WHAT THE EXERCISE ASKS: Taking the entries below, transcribe only the lines starting with the one with "- Robic menaçait" and going on through the one with "Modern megjelenésű fürdőszobai", exactly as written, without the pictures.

+++

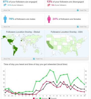 In questo sito si può vedere il numero di lettori che sono online in qualsiasi momento, la distribuzione geografica, età, sesso, utenti attivi, i lettori per mesi che non si connettono (che non vuol dire che non leggerlo), utenti fantasmi (creati gli account inattivi per inviare spam) ... in breve, una miriade di dati da analizzare, al fine di trasformare qualsiasi account personale di Twitter in uno strumento di comunicazione professionale.
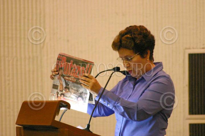 Villahermosa, Tabasco, 08MARZO2005.- Dora María Scherrer, diputada panista, presentó un punto de acuerdo a los poderes ejecutivos y judicial, con el fin de buscar mecanismos para regular las publicaciones en los medios impresos de cuerpos sin vida, mutilados, arrollados o golpeados. FOTO: Marco Polo Guzman/CUARTOSCURO.COM
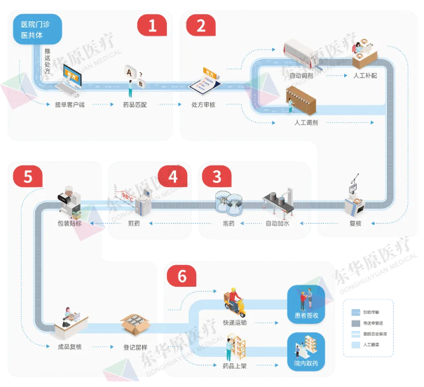 针对中药饮片人工调剂面临的劳动强度大、工作效率低、存在人为出错、拿药排队等候时间长等问题,东华原还研发了中药饮片智能调剂系统,依靠数字化计算机管理以及精准定位传导控制,实现了从接方、审方,到煎煮、包装,直至送货上门的一条龙优质服务,让中药饮片入库、调剂、煎制、药品配送全程数字化、智能化、透明化。
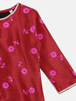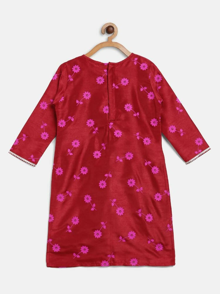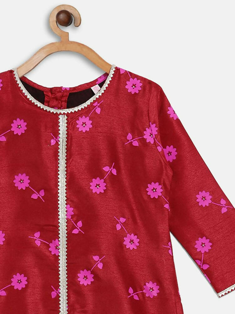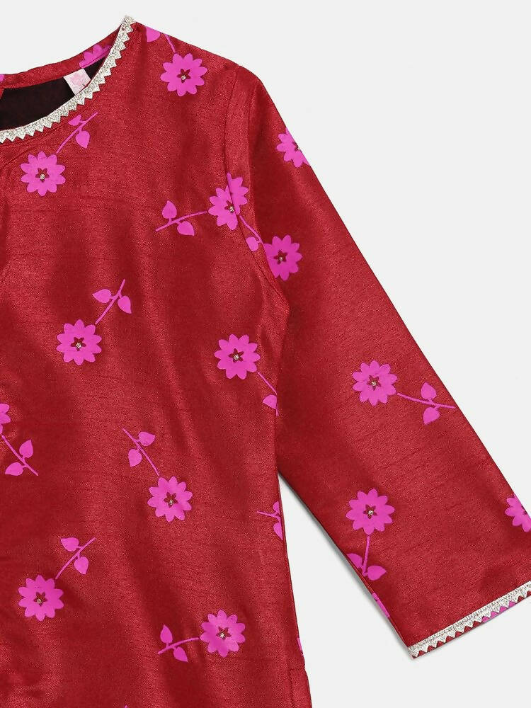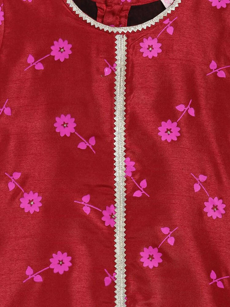 Ahalyaa Red Poly Silk Straight Printed Kids Kurta Palazzo Set For Girls
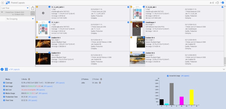 Detailed reports on substrates, ink, and production time per job improve transparency around cost and profitability, helping identify margin leakage and value creation.
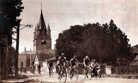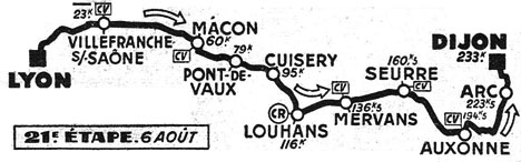 - Robic menaçait de ne pas repartir en raison des 5 minutes de pénalité hier mais ce sont bien 51 rescapés qui ont pris le départ... et respecté la trève dominicale pendant 185 kilomètres (à bonne allure). Aucune offensive, aucun démarrage, rien n'a troublé la longue séance de train soutenu qui permettait à la caravane d'être en avance sur l'horaire prévu. Enfin, à Laperrière (km 183), Baffert attaque brusquement avec Hendrickx dans sa roue. Un peu plus loin, ce seront huit coureurs qui ont faussé compagnie à un peloton qui ne réagit pas : Lambrecht, Hendrickx, Baffert, Giguet, Goldschmit, Bauvin, Rémy & Sciardis. Cogan se lance à leur poursuite et les rejoint à Auxonne au km 194.
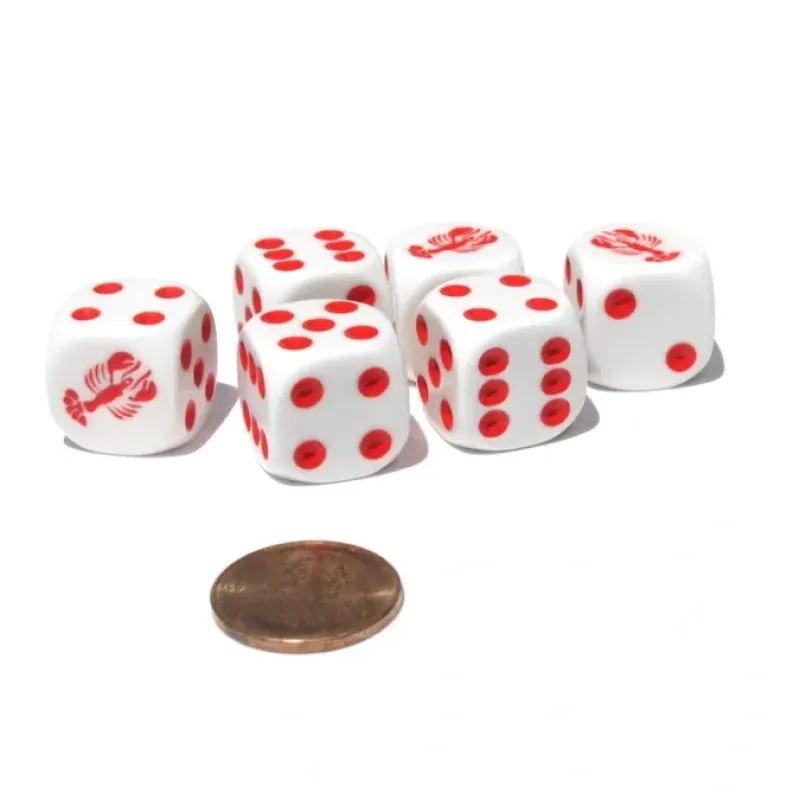 These 16mm lobster dice have nice, smooth rounded-edges that make for a great feel and roll. They are numbered 1 to 6 with traditional dice pips, spots, etched into the surface of the dice and painted red. A lobster is etched into the side where the 1 pip, the “ace,” would traditionally be located. Use these lobster dice to play your favorite dice and board games or create your own game. 6 dice enclosed in a convenient small plastic resealable bag are included with this purchase.
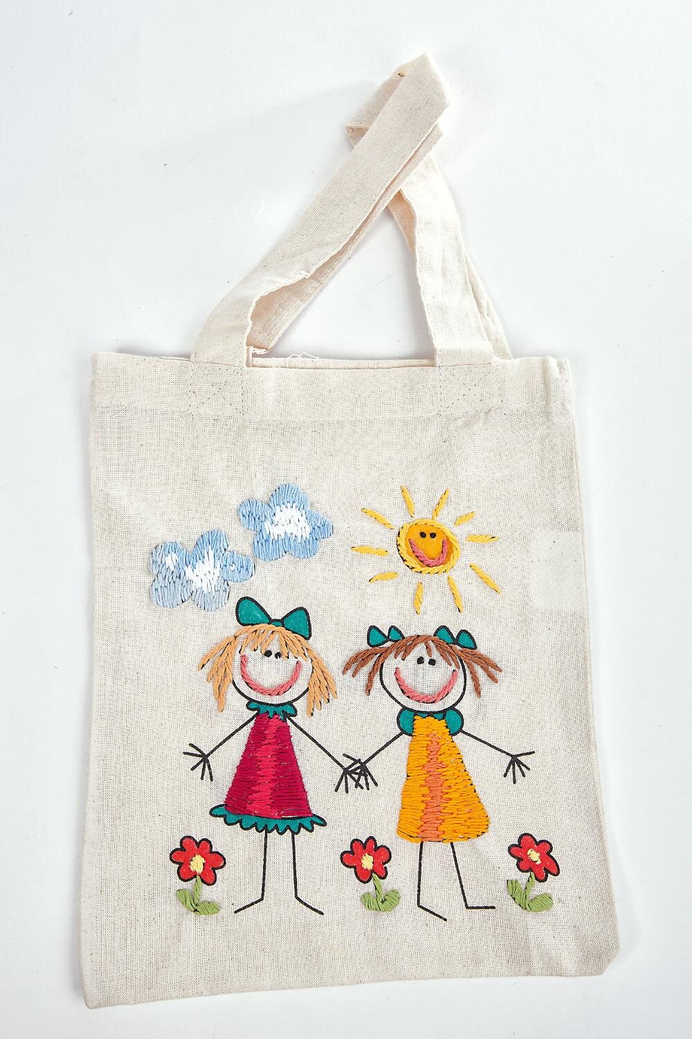 And so it is done:  Put one sheet Paper in the pocket. This will prevent it Fabric paint from pressing through to the back and also makes embroidery easier.
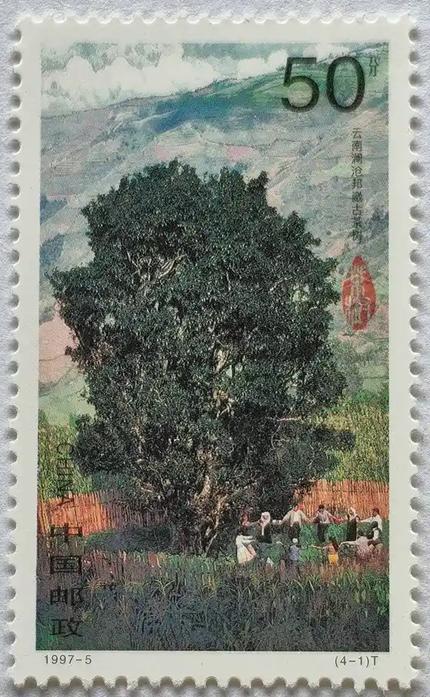 △1997年由国家邮政局发行的《茶》特种邮票第一枚(4—1)《邦崴过渡型古茶树》
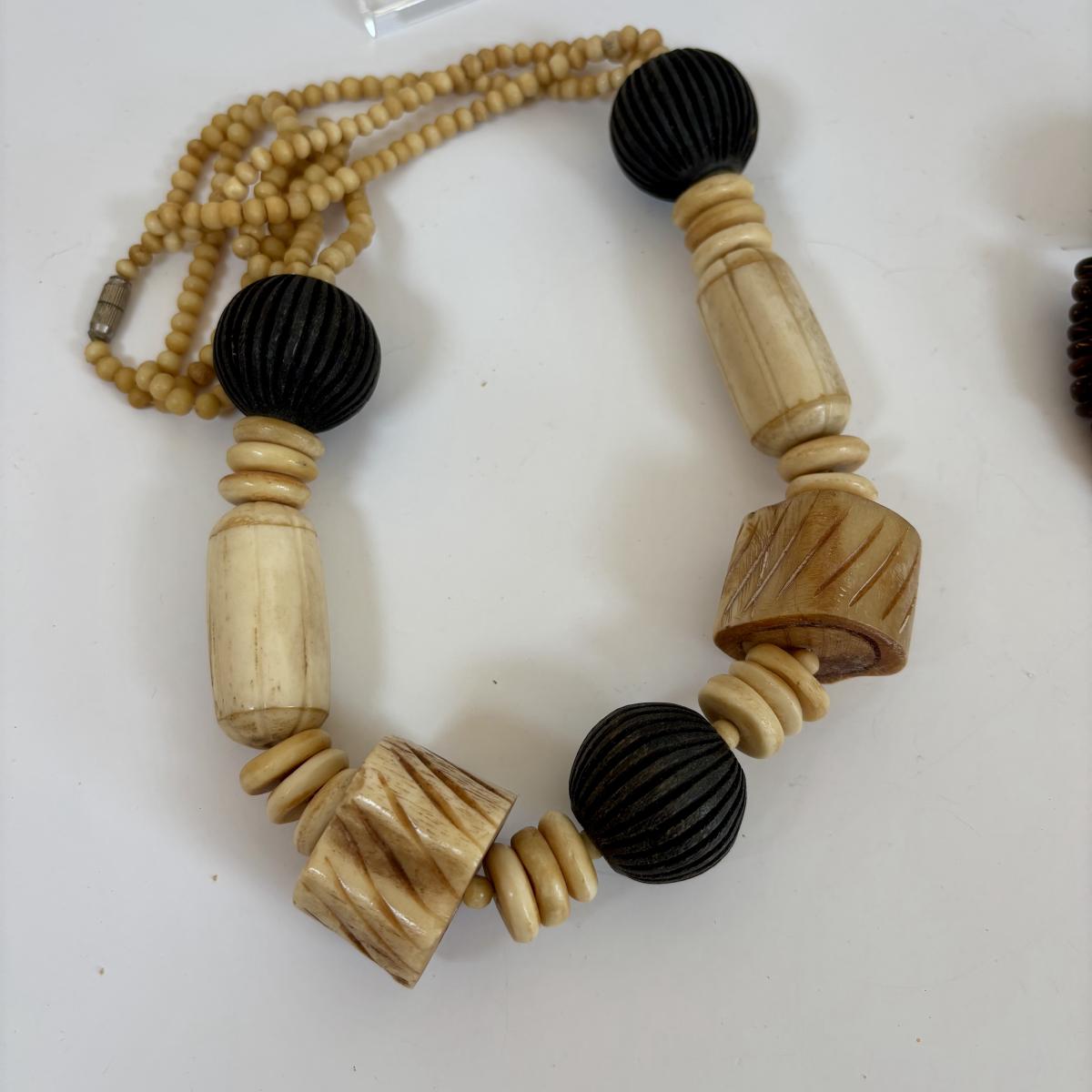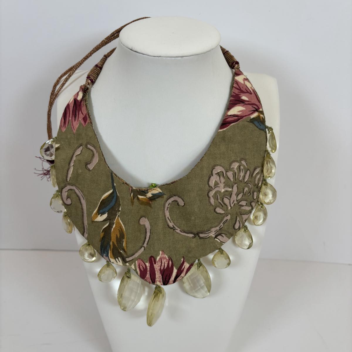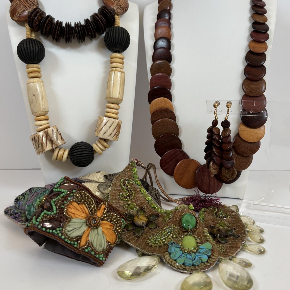 LOT 64: Hand Crafted Jewelry Collection: Wood Necklace & Earrings, Fabric Brooches & Collar Necklace, Embroidered Beaded Bracelet and Bone Necklace
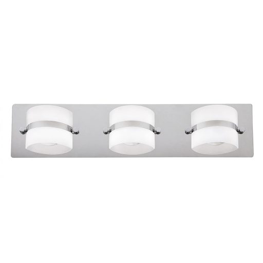 Modern megjelenésű fürdőszobai lámpa beépített energiatakarékos LED izzókkal. A fali lámpa 11,5 cm magas, 49,5 cm széles, króm színű fém szerkezet és műanyag, opál színű lámpabúrával, IP44-es védettséggel. A beépített LED izzók A+ energiaosztály besorolású és 3x 5W teljesítmény mellett 3x 365 lumen fényerőt és 4000 Kelvines, természetes fehér színű fényt kínálnak. A lámpatestben az izzók nem cserélhetők.
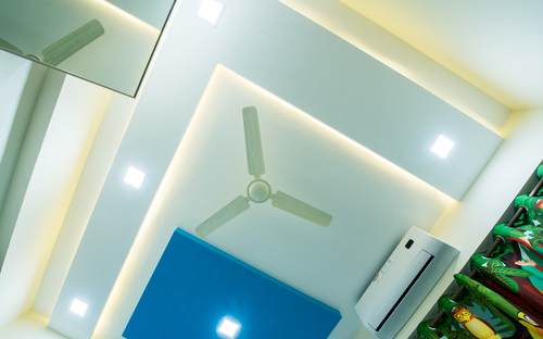 PVC, or Polyvinyl Chloride, is a plastic material used in ceiling tiles and panels. It's lightweight, water-resistant, and available in a range of designs. PVC ceilings are easy to install and maintain, making them a popular choice for kitchens and bathrooms.

+++

OUTPUT FOR THIS EXERCISE:
 - Robic menaçait de ne pas repartir en raison des 5 minutes de pénalité hier mais ce sont bien 51 rescapés qui ont pris le départ... et respecté la trève dominicale pendant 185 kilomètres (à bonne allure). Aucune offensive, aucun démarrage, rien n'a troublé la longue séance de train soutenu qui permettait à la caravane d'être en avance sur l'horaire prévu. Enfin, à Laperrière (km 183), Baffert attaque brusquement avec Hendrickx dans sa roue. Un peu plus loin, ce seront huit coureurs qui ont faussé compagnie à un peloton qui ne réagit pas : Lambrecht, Hendrickx, Baffert, Giguet, Goldschmit, Bauvin, Rémy & Sciardis. Cogan se lance à leur poursuite et les rejoint à Auxonne au km 194.
 These 16mm lobster dice have nice, smooth rounded-edges that make for a great feel and roll. They are numbered 1 to 6 with traditional dice pips, spots, etched into the surface of the dice and painted red. A lobster is etched into the side where the 1 pip, the “ace,” would traditionally be located. Use these lobster dice to play your favorite dice and board games or create your own game. 6 dice enclosed in a convenient small plastic resealable bag are included with this purchase.
 And so it is done:  Put one sheet Paper in the pocket. This will prevent it Fabric paint from pressing through to the back and also makes embroidery easier.
 △1997年由国家邮政局发行的《茶》特种邮票第一枚(4—1)《邦崴过渡型古茶树》
 LOT 64: Hand Crafted Jewelry Collection: Wood Necklace & Earrings, Fabric Brooches & Collar Necklace, Embroidered Beaded Bracelet and Bone Necklace
 Modern megjelenésű fürdőszobai lámpa beépített energiatakarékos LED izzókkal. A fali lámpa 11,5 cm magas, 49,5 cm széles, króm színű fém szerkezet és műanyag, opál színű lámpabúrával, IP44-es védettséggel. A beépített LED izzók A+ energiaosztály besorolású és 3x 5W teljesítmény mellett 3x 365 lumen fényerőt és 4000 Kelvines, természetes fehér színű fényt kínálnak. A lámpatestben az izzók nem cserélhetők.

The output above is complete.